So that wraps up my 2012 rewind. This past year has truly been remarkable for astronomy and science. 2013 promises to be just as exciting. Stay tuned over the next day or two as I’ll preview the two excellent comets coming up in the next year.
Some weekends are good, some are bad. Some weekends are memorable, some are forgettable. This past weekend was definitely one that I’ll remember for the rest of my life. My dad and I attended the Black Forest Star Party at Cherry Springs State Park this past weekend and it was incredible! Living my entire life under the heavily light polluted skies of the Baltimore/Washington metropolitan area has severely limited my ability to get to a dark sky, and when I say dark I really mean just dark enough that a trace amount of the Milky Way is visible directly overhead. I have to drive about 30 miles from my home in the suburbs in northeastern Baltimore County to reach my dark sky site where I do my observing and even then, there are still significant light pollution domes on the horizon that can extend up to 10 or 15°. It’s not very inspiring to see Sagittarius and the galactic core sink into a haze of bright blue and grey during your observing session but it’s the best I’ve got around home.
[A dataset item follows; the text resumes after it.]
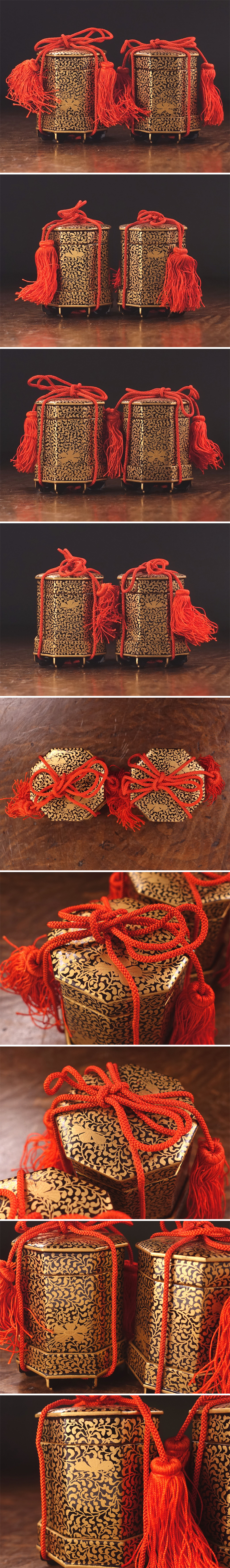 いわゆる七澤屋物に属する雛道具で、貝合わせの貝を収める貝桶をミニチュアにて表現しており、全体に大の字牡丹唐草文をあしらった高雅な意匠を特徴とし、漆黒と金蒔絵の美しいコントラストが雅やかな気品を醸し出しています。

Cherry Springs, on the other hand, is simply magnificent! It is located in the middle of a massive state forest in Potter County, PA. There is literally nothing in any direction for at least 20 miles. There is hardly any light pollution evident and only towards the north that extends but a few degrees above the horizon. The starlight is crystal clear with the altitude close to 2,5oo feet and less atmospheric turbulence. Then there’s the Milky Way! The central spiral containing the galactic core extends in milky white beauty up from the horizon in the south-southwest after sunset all the way across to Cassiopeia and almost down to Perseus and Auriga. I’ve never in my life seen a sky so beautiful before! It’s truly amazing that for thousands of years of human history that sight was an every night occurrence and now in the last 150 years we’ve almost completely lost it! It really makes me much more appreciative of the work the International Dark Sky Association does to preserve the night sky and it makes me more proud to support their mission as well.
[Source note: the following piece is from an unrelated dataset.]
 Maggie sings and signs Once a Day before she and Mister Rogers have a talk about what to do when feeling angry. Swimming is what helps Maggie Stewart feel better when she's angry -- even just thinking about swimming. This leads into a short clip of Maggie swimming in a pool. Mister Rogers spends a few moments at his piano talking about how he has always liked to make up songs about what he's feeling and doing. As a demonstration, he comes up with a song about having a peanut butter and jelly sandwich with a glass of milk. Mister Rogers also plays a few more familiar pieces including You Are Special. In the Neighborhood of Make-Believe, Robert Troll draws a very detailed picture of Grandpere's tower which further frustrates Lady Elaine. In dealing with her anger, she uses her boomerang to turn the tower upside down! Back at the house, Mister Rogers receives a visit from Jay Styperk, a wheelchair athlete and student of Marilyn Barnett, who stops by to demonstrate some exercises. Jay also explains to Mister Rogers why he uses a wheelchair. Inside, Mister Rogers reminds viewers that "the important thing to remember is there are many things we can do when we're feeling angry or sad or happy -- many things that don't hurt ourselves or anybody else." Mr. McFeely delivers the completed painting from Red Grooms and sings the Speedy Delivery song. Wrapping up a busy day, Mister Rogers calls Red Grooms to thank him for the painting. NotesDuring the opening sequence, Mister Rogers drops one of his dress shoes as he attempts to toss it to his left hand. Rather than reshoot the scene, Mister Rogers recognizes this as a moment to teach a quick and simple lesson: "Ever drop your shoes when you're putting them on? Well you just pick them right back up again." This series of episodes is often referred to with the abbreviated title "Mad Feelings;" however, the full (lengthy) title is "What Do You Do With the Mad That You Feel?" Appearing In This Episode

As for the Black Forest Star Party itself, it was a great time. My dad and I arrived late Friday afternoon and hundreds of other amateur astronomers were already there set up with their telescopes and cars and in some cases, RVs and clam shell observatories. The astronomy field was absolutely packed as you can see from the photos I took. This was my first star party so I expected to get a case of telescope envy and sure enough, I did! The first scope that caught my attention was a 25″ Obsession dob…freaking sweet! We began setting up the tent under increasing cloud cover and by the time we had gotten everything set up the rain started. At that point we were totally bummed that the night was a complete wash out so we got in the tent and did some reading before going to bed around 9pm. I was woken by my dad at around 10:30 to him whispering “Come out and look at the sky!” I mumbled back to him, “The clouds are gone?” and I poked my head out of the tent entrance and…WOW! Our tent was facing southwest and looking directly at the Sagittarius-Scorpius border with the Milky Way exactly perpendicular to the horizon. If my jaw could have dropped, it would have fallen straight to the ground. “Alright, let’s get the scope out” were my next words and we spent the next 2 – 2 1/2 hours observing the pristine skyscape. We viewed many of the Messier objects visible in Sagittarius and Lyra, along with M31, the Andromeda galaxy which was an absolutely stunning view! The Veil Nebula was an amazing sight as well, even without a filter. We also observed the Dumbbell and Ring nebulae. Many globular clusters were great views also in the 35mm Panoptic. We finished the night with M45, the Pleiades and Jupiter in my 6mm Radian but the seeing was pretty bad. We both went to bed feeling extremely satisfied with the night even though it started off so terribly with clouds and rain.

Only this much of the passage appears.